Leserbrief

17. Mai 2003, Stadtverband

von Karl-Heinz Wiel zum Artikel “Ratsmitglied müsste Vorsitz niederlegen” in der Kölnischen Rundschau, 16.5.2003

 

Soweit sind wir schon. Jetzt schießt sich der Wesselinger Fraktionsführer der SPD, Hans Mauel – eigentlich ein besonnener Zeitgenosse – auf Selbständige und Freiberufler ein. Seine Forderung, dass aus Befangenheitsgründen diese Berufssparte vom Ausschussvorsitz ausgeschlossen werden sollte, ist absurd. Natürlich müssen und werden Unternehmer, die sich an Ausschreibungen beteiligen, den strengen Vergaberichtlinien unterziehen müssen.

Wo leben wir eigentlich? Sollten eventuell nur noch Arbeitnehmer und Gewerkschaftler in den städtischen Gremien vertreten sein? Auch Selbständige und Freiberufler müssen sich in ihren Parteien mühsam für gewisse Ämter qualifizieren. Wenn nun ein Unternehmer als Vorsitzender eines Ausschusses berufen wird, zeugt das sicherlich von Sachkenntnis und Kompetenz. Eben diese Sachkenntnis dieser Berufsgruppen wird, auch von der Opposition, immer wieder gerne und dankend angenommen.
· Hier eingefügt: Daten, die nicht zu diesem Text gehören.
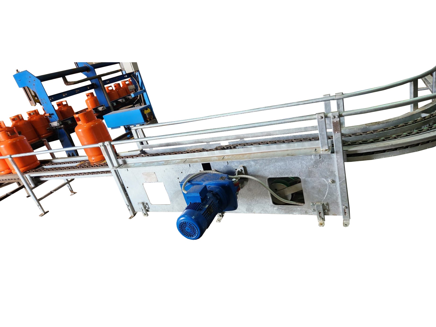 A robust and reliable conveyor system designed specifically for the safe handling and transport of LPG cylinders. Built with a heavy-duty chain mechanism, this conveyor ensures smooth movement, precise positioning, and long service life in demanding gas plant environments. It is ideal for integration with filling stations, inspection lines, and storage facilities, while maintaining the highest safety standards required in the gas industry.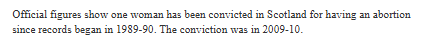 There has not been an abortion conviction in Scotland since the Abortion Act 1967 came into force on April 27, 1968. Under the Act, which applies to Scotland, abortions are legal up to 24 weeks (or later in cases of severe fetal abnormality or risk to the woman’s life) when approved by two doctors. Procedures outside these grounds remain a criminal offense under common law, but no prosecutions or convictions have occurred since the Act’s implementation.This reflects Scotland’s pre-1967 common law, which was more flexible for therapeutic abortions than England’s Offences Against the Person Act 1861, leading to fewer prosecutions even before 1967. Historical records and legal analyses confirm the absence of cases, with experts noting that the Act’s framework has effectively prevented criminal actions against compliant procedures. Recent discussions on decriminalization highlight this record as a reason for reform, though the law still carries criminal potential. Yes, there was one recorded conviction for an illegal abortion in Scotland during the 2009–2010 financial year (which spans 2009 and early 2010), according to official figures from the Scottish Parliament’s Information Centre. This marks the only such conviction in Scotland since detailed records began in 1989–1990, and it appears to be an isolated case under common law for procuring an abortion without medical sanction, rather than a procedure compliant with the Abortion Act 1967. No further details on the case (such as the individual’s identity or exact circumstances) are publicly specified in available summaries, and prosecutions remain exceptionally rare overall. This outlier does not alter the broader historical pattern of non-enforcement in Scotland compared to England and Wales.

Jetzt, da die Kommunalwahlen näher rücken, werden altbekannte Fronten wieder aufgebaut. Ist es nicht allmählich an der Zeit, in diesen schwierigen wirtschaftlichen Zeiten dieses Klischeedenken abzubauen? Was wir brauchen, sind noch mehr Menschen, die unternehmerisch und risikobereit in den städtischen Gremien tätig sind. Wir brauchen weniger Bedenkenträger, die abgesichert am staatlichen Tropf hängend die Hauptaufgabe darin sehen, das erwirtschaftete Geld gleichmäßig zu verteilen.